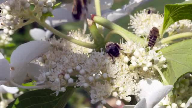 Bumble bees and honeybees foraging & flying around Hydrangeas together
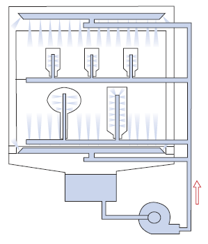 燒瓶及廣口瓶在雙層清洗架上的直接清洗,瓶內(nèi)部通過噴水支架清洗,瓶外部通過旋轉(zhuǎn)噴臂清洗;
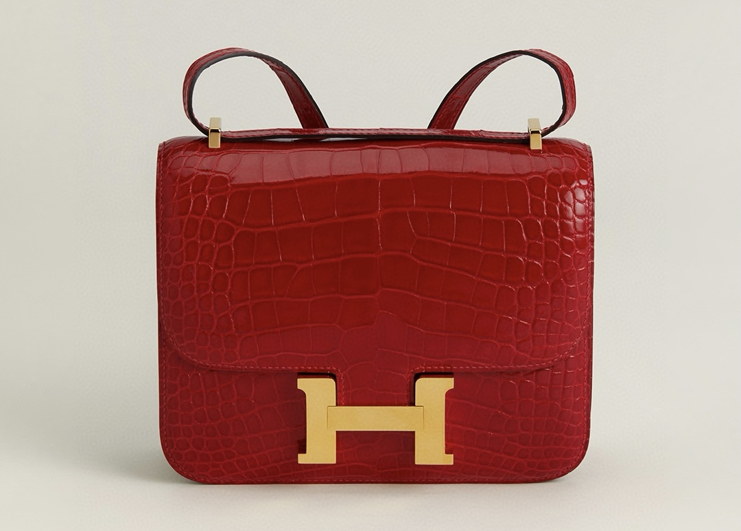 Elevate your style with the Hermès Constance-19 bag in Braise color with a gold buckle. Crafted from luxurious bright American alligator leather, this bag exudes sophistication and elegance. The compact size makes it perfect for both day and evening wear, while the bold color adds a pop of personality to any outfit. With its iconic design and exquisite craftsmanship, the Constance-19 is a timeless accessory that will elevate any look. Make a statement with the Hermès Constance-19 bag and add a touch of luxury to your wardrobe.
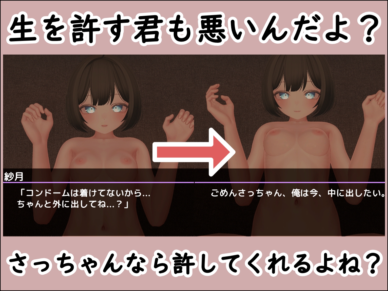 無許可中出し小編ノベル + 一人称視点 3Dえっちゲームです。
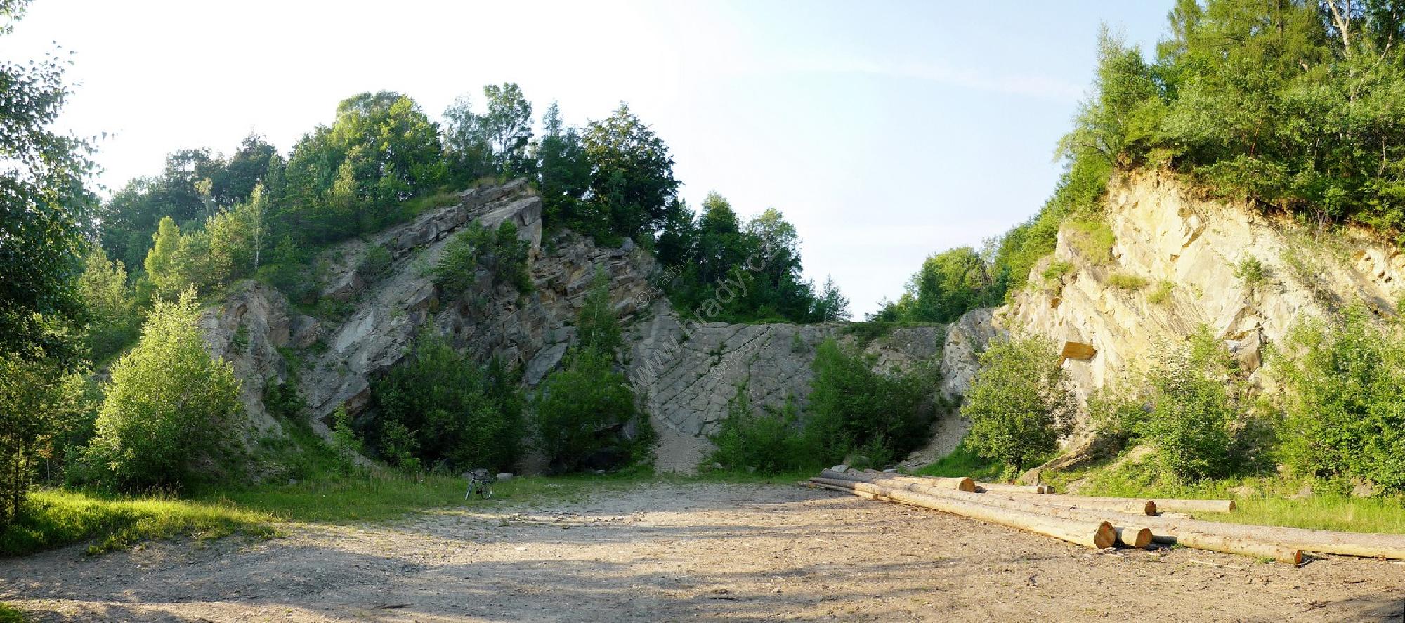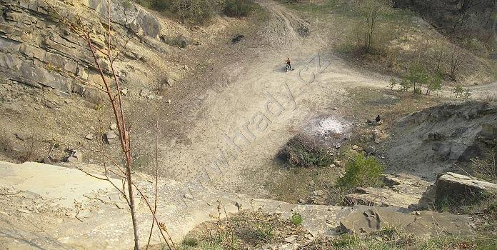 pohled z vrchu plochy hradiska na bývalý lom, který jej téměř pohltil
□ □ □ □ □
> _INSTRUCTIONS TO FOLLOW_: Copy out the material word for word, without any images.

> _RESPONSE_:
 Bumble bees and honeybees foraging & flying around Hydrangeas together
 燒瓶及廣口瓶在雙層清洗架上的直接清洗,瓶內(nèi)部通過噴水支架清洗,瓶外部通過旋轉(zhuǎn)噴臂清洗;
 Elevate your style with the Hermès Constance-19 bag in Braise color with a gold buckle. Crafted from luxurious bright American alligator leather, this bag exudes sophistication and elegance. The compact size makes it perfect for both day and evening wear, while the bold color adds a pop of personality to any outfit. With its iconic design and exquisite craftsmanship, the Constance-19 is a timeless accessory that will elevate any look. Make a statement with the Hermès Constance-19 bag and add a touch of luxury to your wardrobe.
 無許可中出し小編ノベル + 一人称視点 3Dえっちゲームです。
 pohled z vrchu plochy hradiska na bývalý lom, který jej téměř pohltil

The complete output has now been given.